Графиня де Альберка привлекла Реновалеса в свою свиту и обижалась, если он не появлялся в ее доме в те вечера, когда она принимала друзей. Какая неблагодарность — ведь она пылкая поклонница его таланта! И ей так приятно показывать его подругам, как новое украшение! «Это художник Реновалес — знаменитый маэстро».
В один из таких вечеров к художнику подошел граф с выражением человека, утомленного от бесчисленных почестей, какими его отмечали на этом свете.

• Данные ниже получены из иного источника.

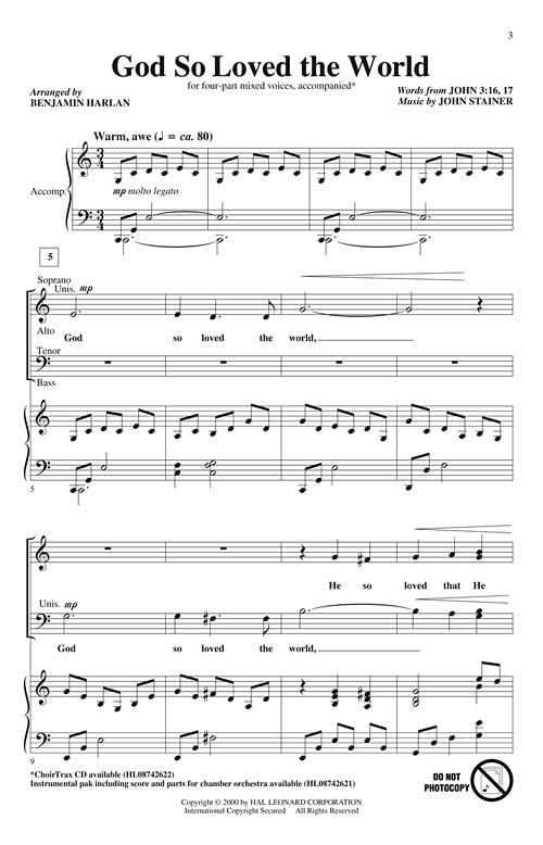God So Loved The World Brookfield Easter Choral Satb John Stainer
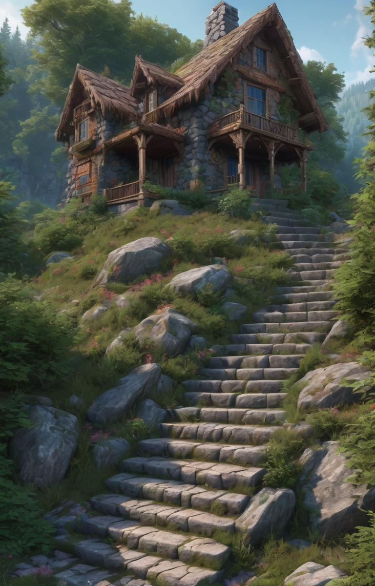 (dark magic:1.2), (grim:1.2) forest, bushes with thorns, stone stairs, small stone cabin, (intricate details), (hyperdetailed), 8k hdr, high detailed, lot of details, high quality, (colored:1.3)
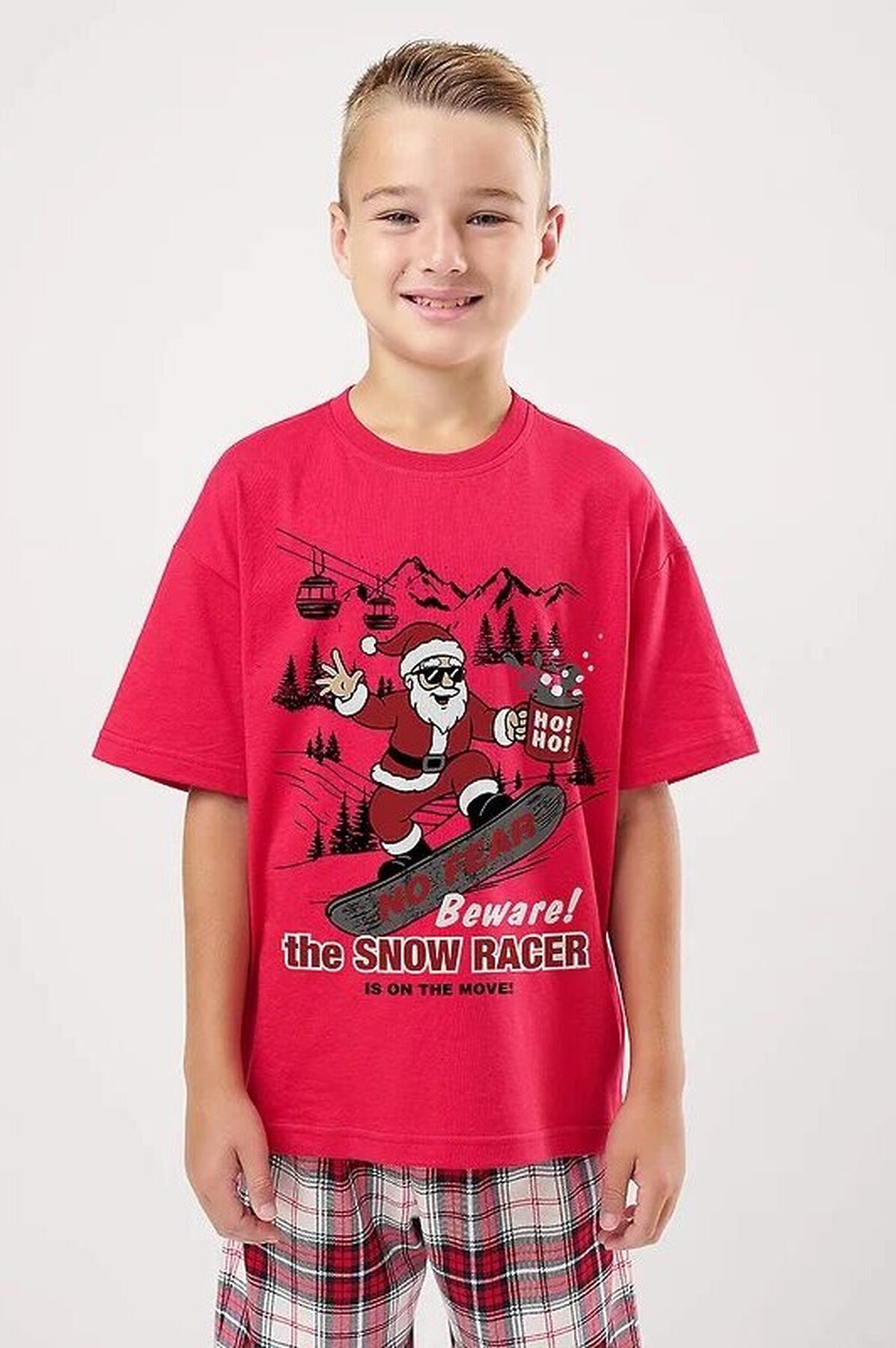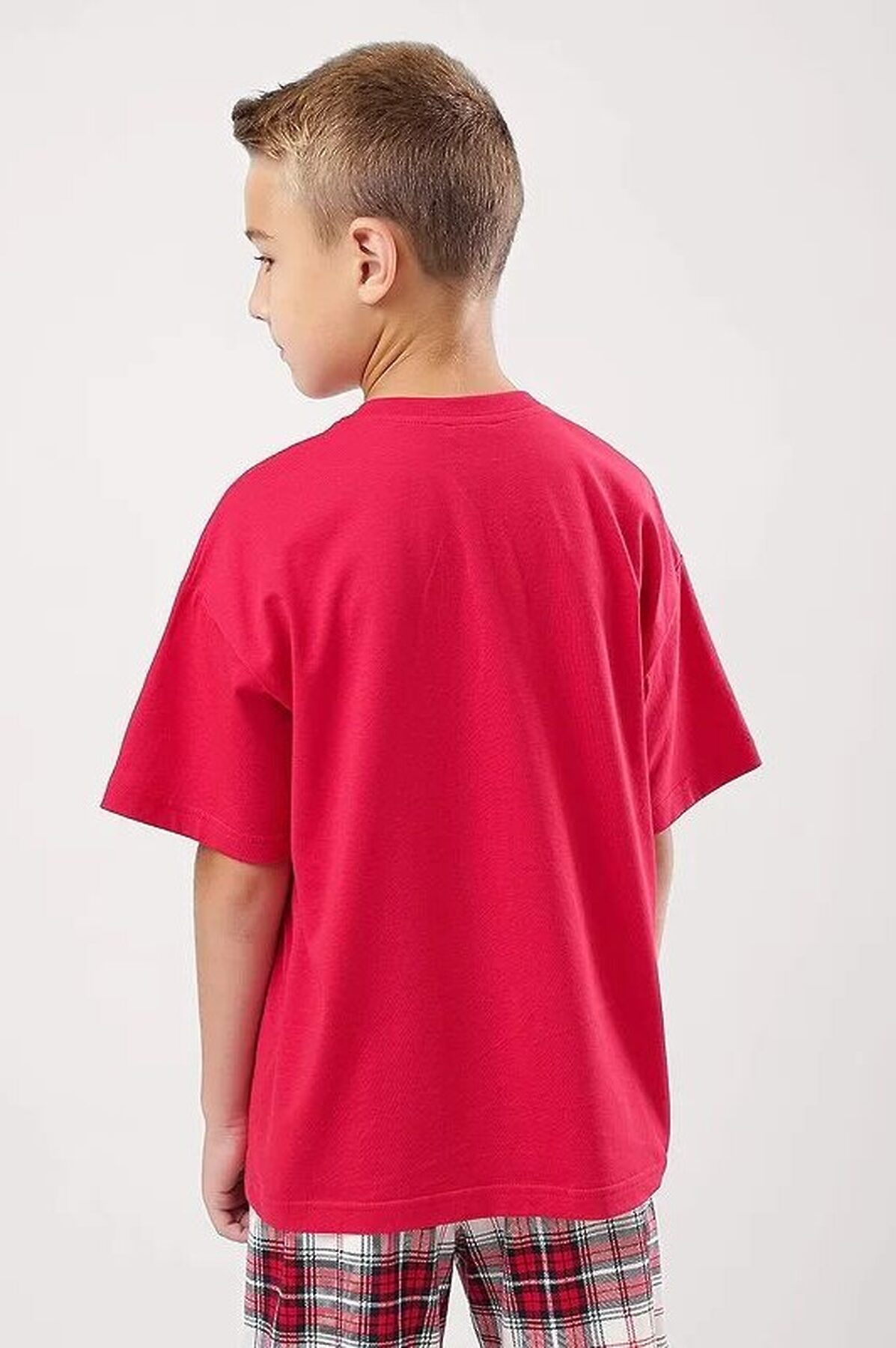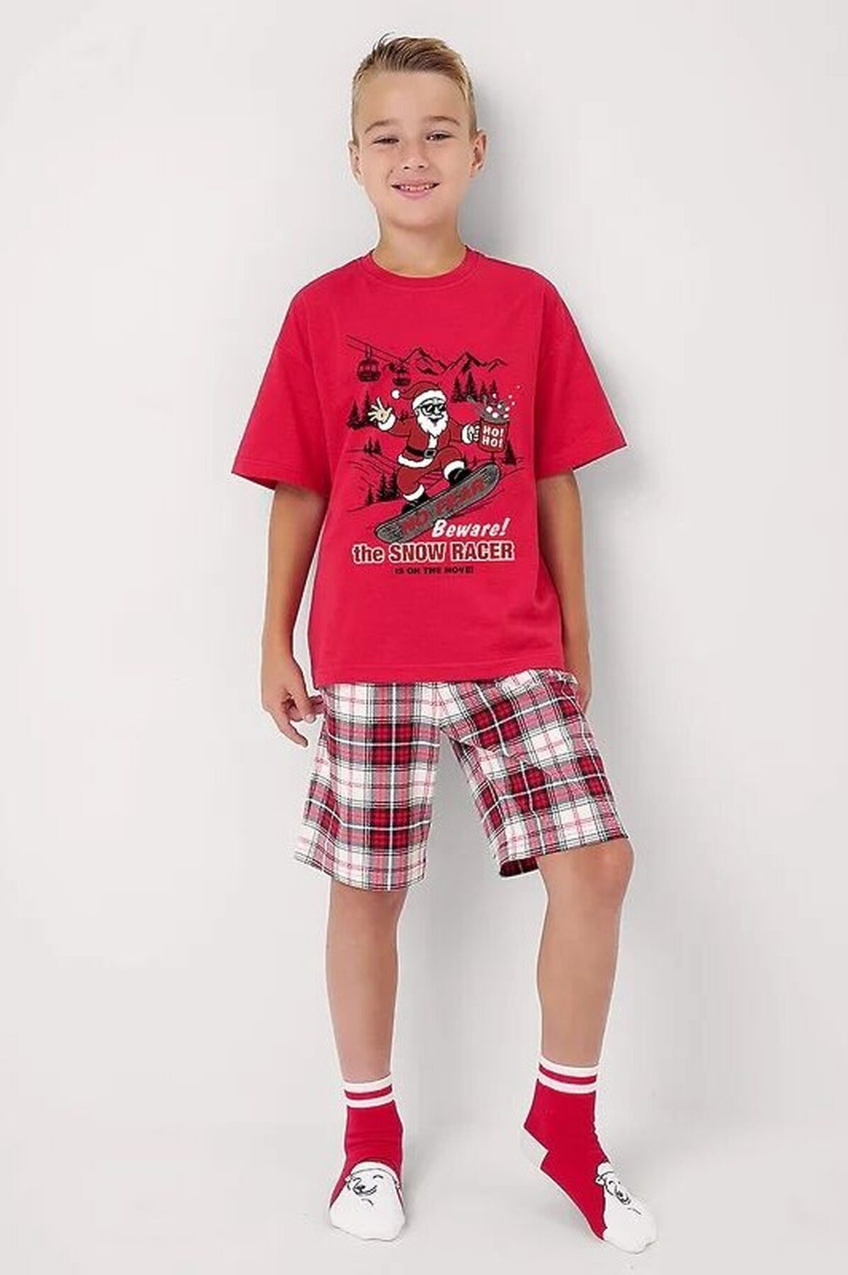 Новогодняя пижама для подростков, состоящая из футболки и шорт. Стильная футболка свободного кроя дополнена оригинальным принтом. Шорты прямые средней длины с эластичным удобным поясом, выполнены из хлопкового полотна в клетку.
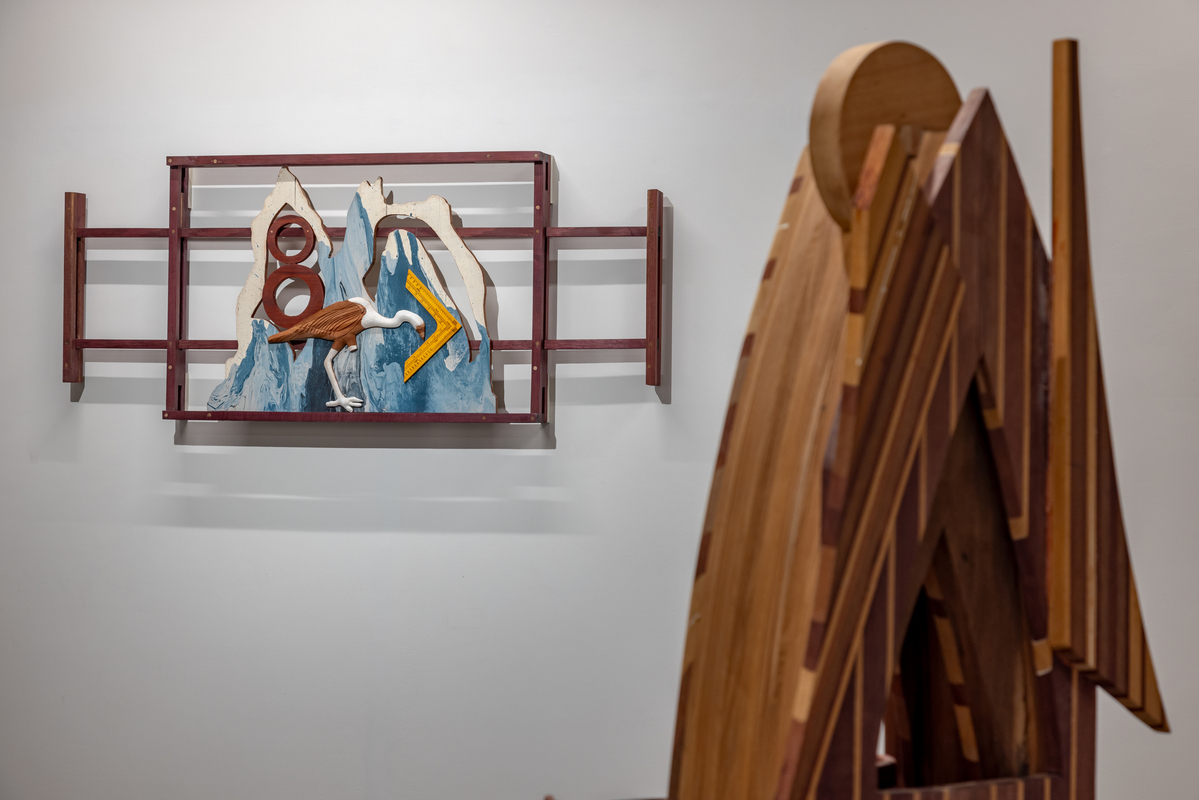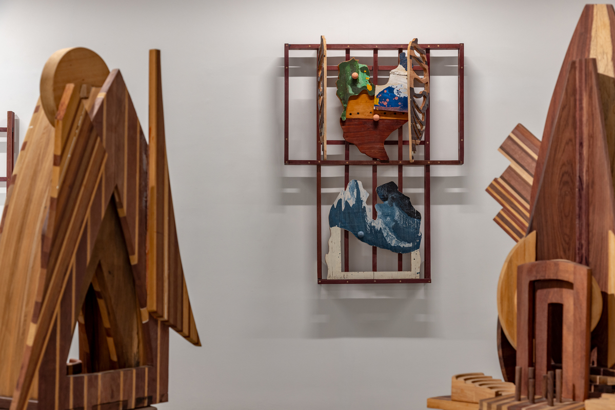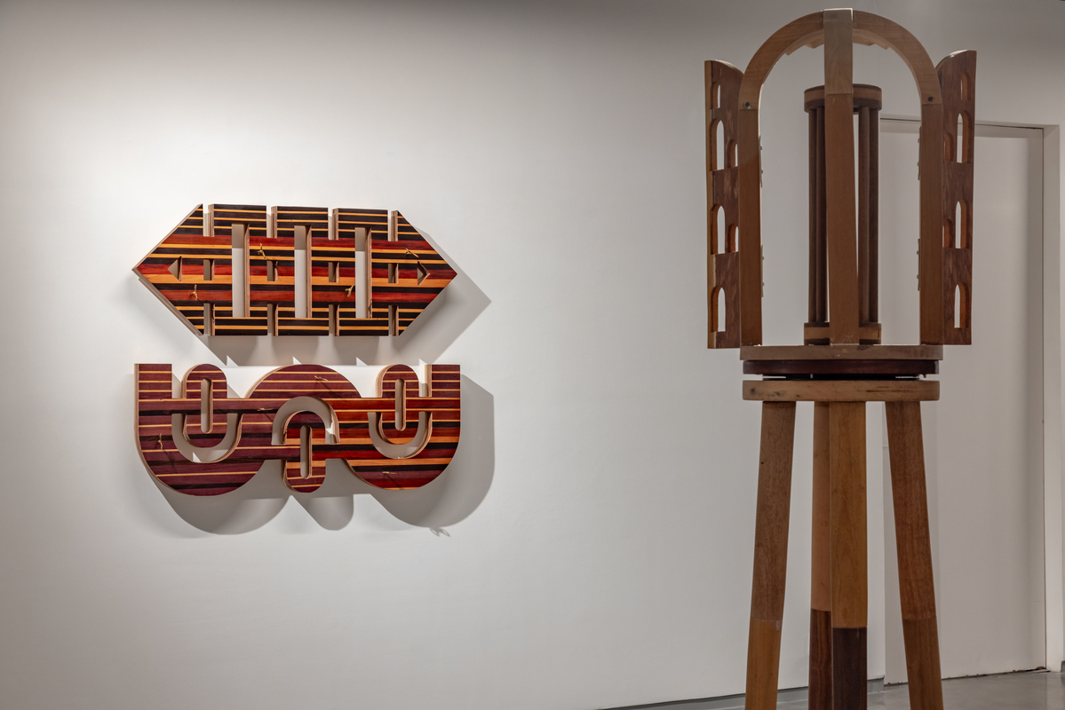 The exhibition is composed of multiple series of works, composed mostly of wood with other added materials. One series, entitled “Study of Jogger’s Lanes,” is both interactive and musical. Exploiting the variegated colors of different types of wood, these are fused together using precise marquetry techniques, becoming complex hieroglyphics. These structures disguise the simple mechanisms of old-fashioned music boxes, with multiples inside of each piece. The keys to the music boxes are scattered across the face of the construction, allowing the viewer to activate one or all of the devices. The aural result can be a soothing nostalgic lilt or something akin to the sounds of a madhouse.
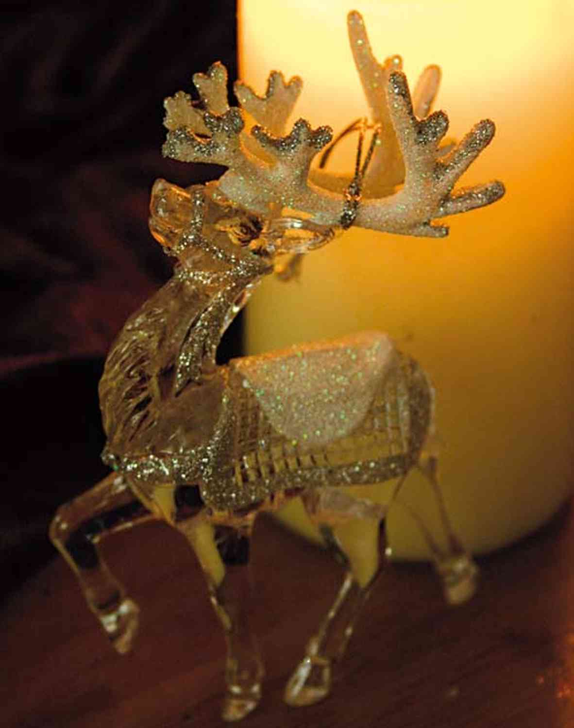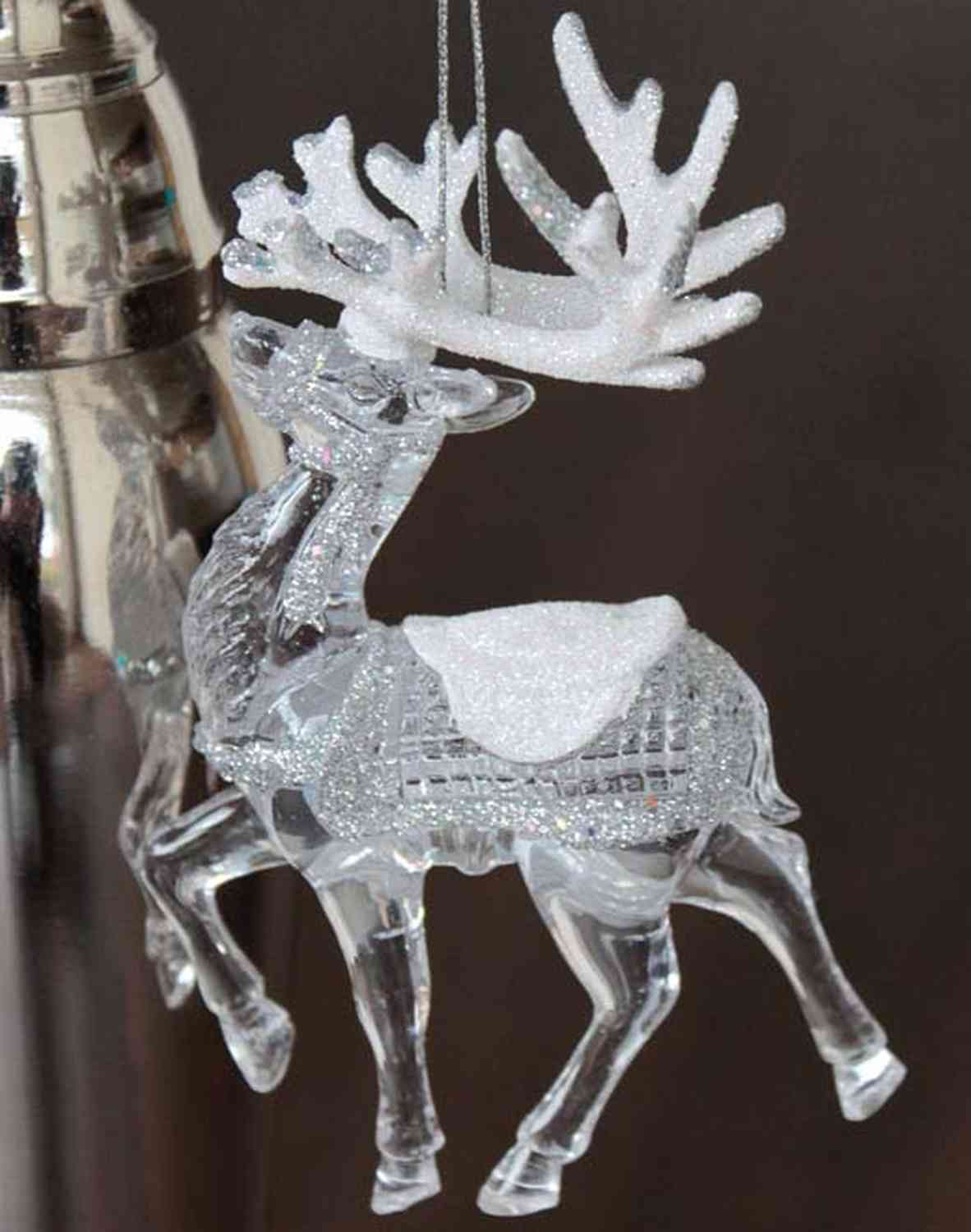 Acrylic hanging ornament Deer MATTHIS, glitter, transparent-silver-white, 3.5"x0.8"x4.7"/ 9x2x12cm
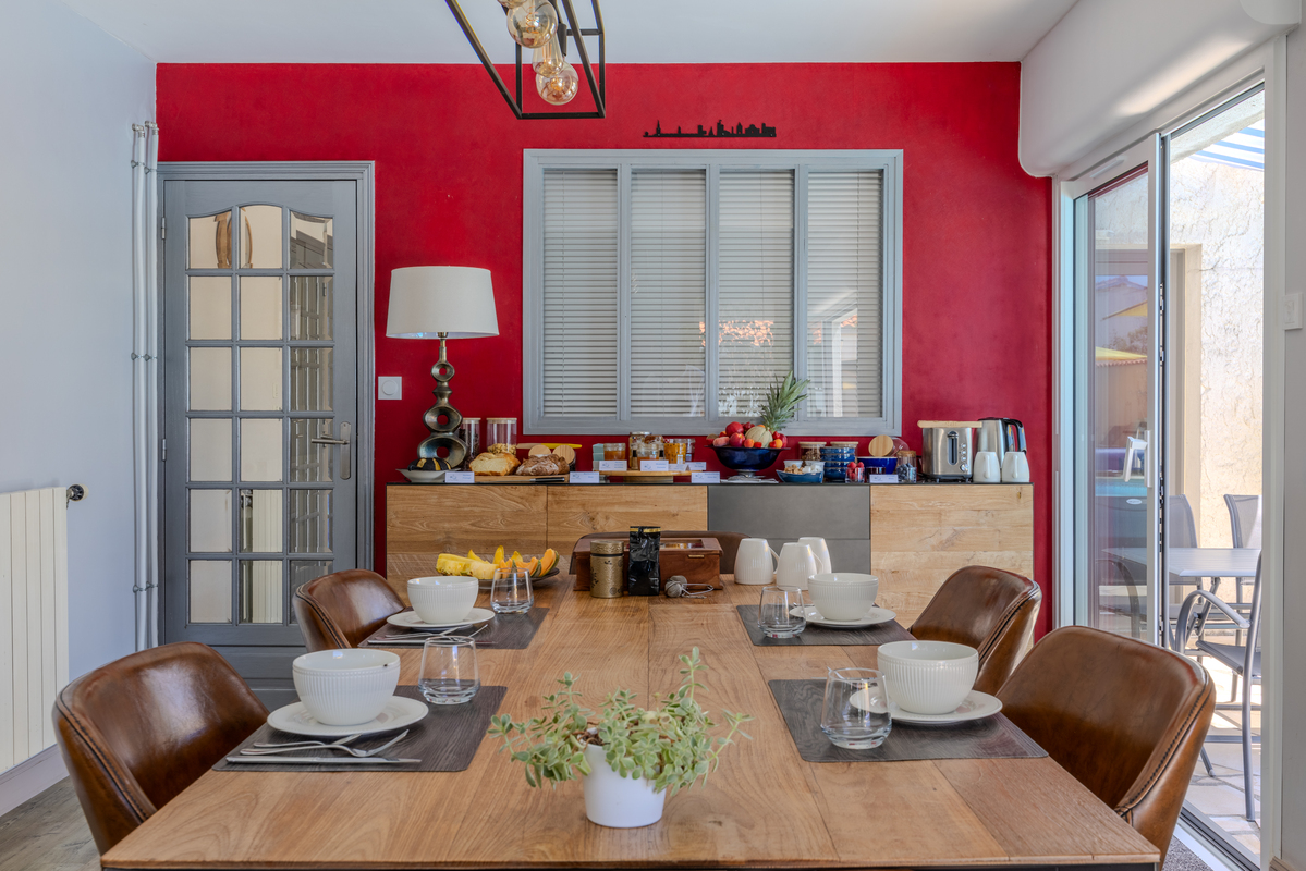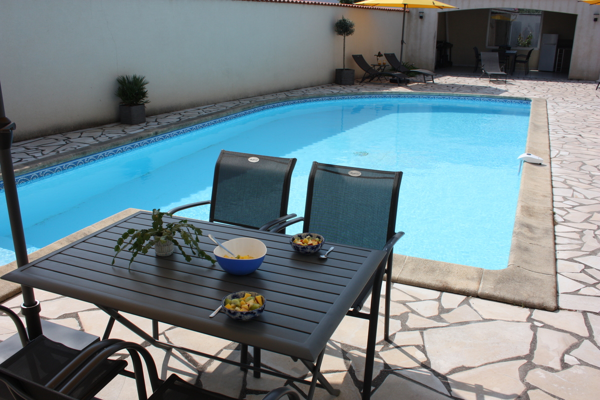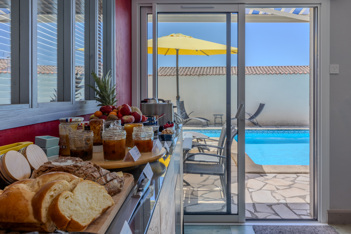 Nous pouvons vous préparer un petit déjeuner copieux et diversifié de produits locaux en option pris au buffet, le long de la piscine ou livré sur le gîte àvotre demande (tarif 11€ / personne).

— Конча хочет иметь свой портрет вашей работы, а я ни в чем не хочу ей отказывать. Назначьте день, когда вы сможете начать. Сама она робеет обращаться к вам с такой просьбой и поручила мне выполнить эту миссию. Я уже знаю, сколько вы берете за работу. Сделайте хороший портрет... Чтобы она осталась довольна...
Заметив, что Реновалес раздражен его бесцеремонностью, граф, этот великий господин, сделал протестующий жест рукой и добавил, словно проявлял особую благосклонность к художнику:
— Если сумеете угодить Конче, то и я, пожалуй, решусь заказать вам свой портрет. В ближайшее время я жду вручения мне Большой хризантемы Японии. В правительстве обещают, что орден вот-вот поступит.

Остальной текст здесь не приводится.